Task description >> Below are lines of data; restate word for word those running from the line containing "Kutai Barat –" to the line containing "Antique English BIRDS", inclusive, and no others.

Data records >>
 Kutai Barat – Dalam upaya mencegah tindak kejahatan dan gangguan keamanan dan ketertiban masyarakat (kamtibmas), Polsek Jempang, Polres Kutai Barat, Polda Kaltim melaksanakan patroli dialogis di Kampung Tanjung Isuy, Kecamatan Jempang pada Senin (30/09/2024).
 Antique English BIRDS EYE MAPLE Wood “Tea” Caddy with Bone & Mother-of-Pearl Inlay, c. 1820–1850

* * *

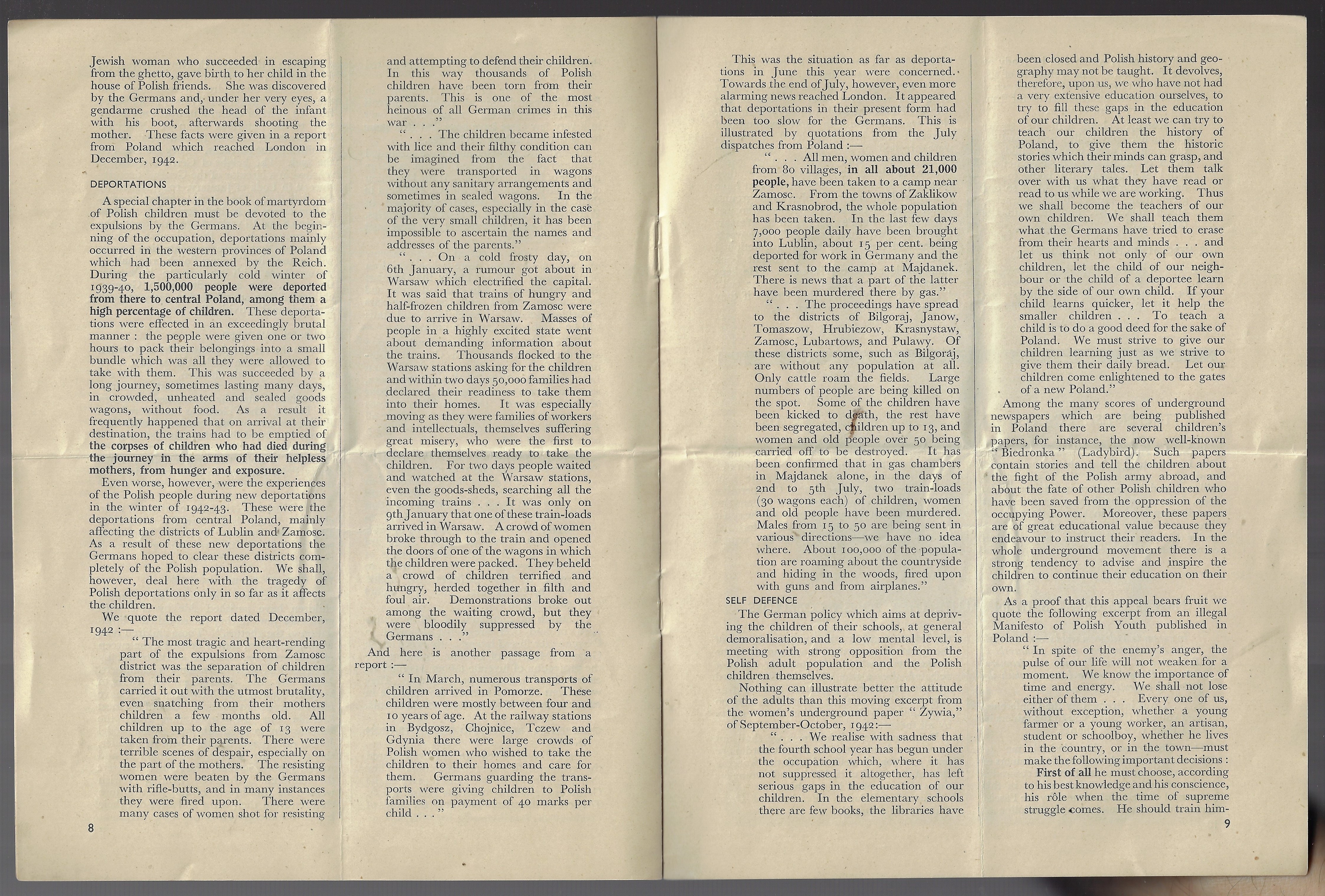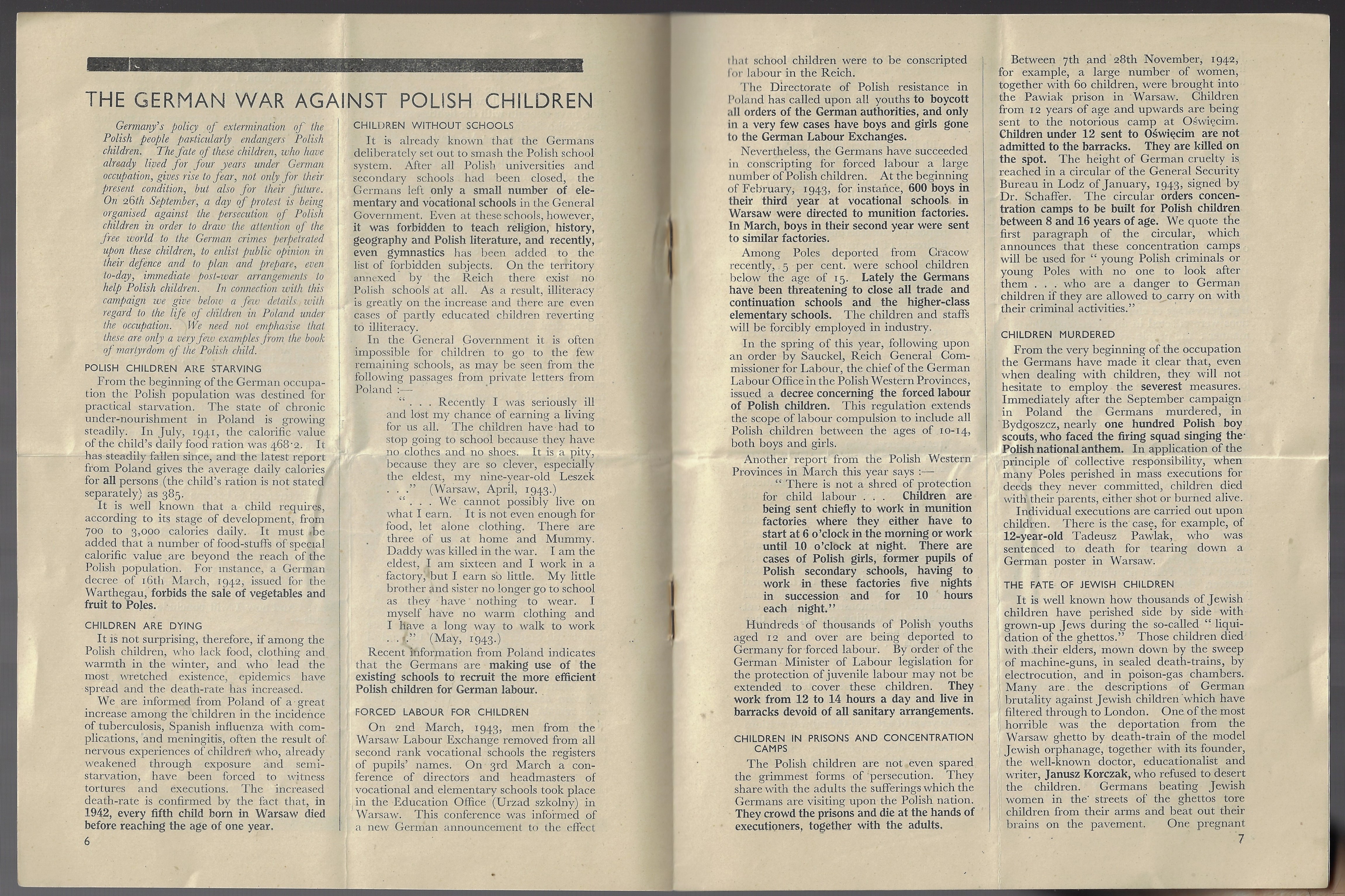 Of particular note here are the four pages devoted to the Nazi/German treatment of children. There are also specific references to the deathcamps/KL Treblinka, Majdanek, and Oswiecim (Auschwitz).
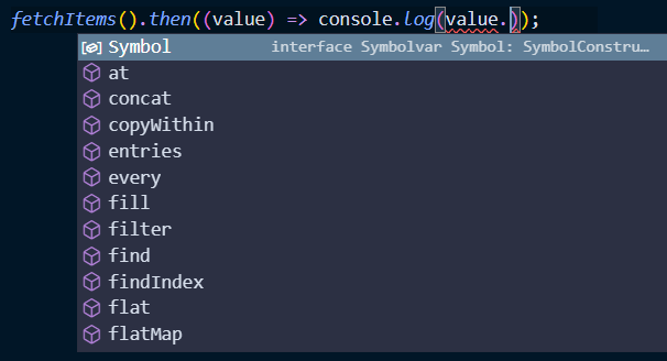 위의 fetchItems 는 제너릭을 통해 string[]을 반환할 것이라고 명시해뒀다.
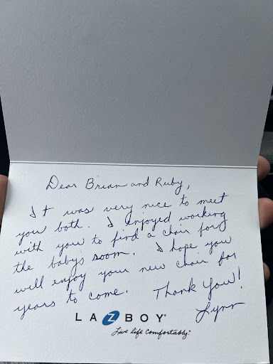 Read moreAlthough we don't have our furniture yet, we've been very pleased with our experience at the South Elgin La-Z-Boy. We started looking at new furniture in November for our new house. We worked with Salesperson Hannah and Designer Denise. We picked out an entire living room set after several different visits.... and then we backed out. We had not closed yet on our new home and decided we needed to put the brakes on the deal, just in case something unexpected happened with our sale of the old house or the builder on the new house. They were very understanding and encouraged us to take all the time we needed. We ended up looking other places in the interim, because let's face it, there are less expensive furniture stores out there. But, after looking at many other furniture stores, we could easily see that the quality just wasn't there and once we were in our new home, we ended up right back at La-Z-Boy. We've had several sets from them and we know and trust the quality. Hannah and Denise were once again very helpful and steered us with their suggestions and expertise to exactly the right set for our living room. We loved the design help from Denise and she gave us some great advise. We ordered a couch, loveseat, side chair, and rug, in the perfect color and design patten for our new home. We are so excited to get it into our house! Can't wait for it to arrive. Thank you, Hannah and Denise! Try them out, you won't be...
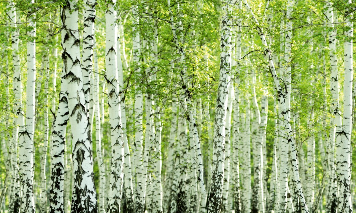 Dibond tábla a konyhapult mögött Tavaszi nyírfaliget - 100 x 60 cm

Result for this exercise >>
 Kutai Barat – Dalam upaya mencegah tindak kejahatan dan gangguan keamanan dan ketertiban masyarakat (kamtibmas), Polsek Jempang, Polres Kutai Barat, Polda Kaltim melaksanakan patroli dialogis di Kampung Tanjung Isuy, Kecamatan Jempang pada Senin (30/09/2024).
 Antique English BIRDS EYE MAPLE Wood “Tea” Caddy with Bone & Mother-of-Pearl Inlay, c. 1820–1850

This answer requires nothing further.